Exercise 4.6.3: Shrinkage Against the Field Analysis

Benchmark four denoisers on the same noisy image (Gaussian noise, sigma = 15, 25, 40): Gaussian blur tuned by grid search, median filtering, your Code 4.6.3 VisuShrink, and skimage's BayesShrink. Report PSNR and, more importantly, crop and compare an edge region and a flat region for each method. Which method wins where, and at which noise level does the ranking change? Connect each behavior to the spectral story this chapter told about the method.

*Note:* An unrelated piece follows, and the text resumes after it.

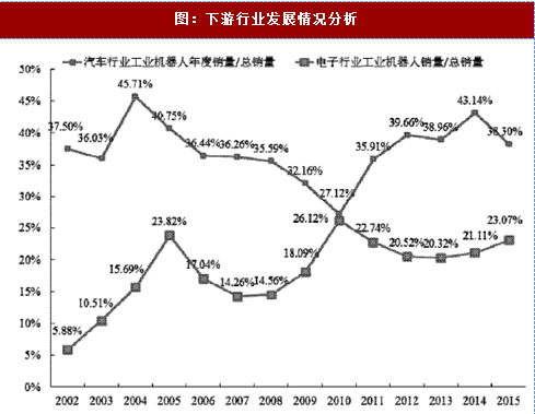 汽车及零部件制造业是自动化生产程度最高的制造产业,对自动化生产设备具有稳定而持续的需求。Wind资讯数据显示,2015年汽车及零部件制造业采购的工业机器人数量占全球工业机器人总销量的38.3%。相比发达国家的汽车制造业,我国汽车整车生产和零部件生产的自动化率仍然偏低,预计未来随着国家产业升级趋势的强化和汽车行业竞争的进一步加剧,我国汽车生产自动化率有望得到提高。在行业固定资产投资和自动化改造的推动下,汽车行业自动化设备的需求将保持较高增长速度。

With wavelets, the chapter closes the loop it opened: an image is the same information in many bases, and the whole skill is choosing the basis where your question becomes easy. Fourier answered "what frequencies", the sampling theorem answered "how densely may I sample", and pyramids and wavelets answered "what lives, and occurs, at which scale". The next chapter keeps the pixels but moves them: Chapter 5: Geometric Transformations & Image Warping covers rotation, scaling, and affine and projective warps, and the interpolation that makes them look clean. Every warp resamples the image, so Section 4.4's sampling theorem is exactly the law that decides whether a rotated or rescaled result shimmers with aliasing or comes out crisp; the prefilter-before-you-sample habit you built here travels straight into it.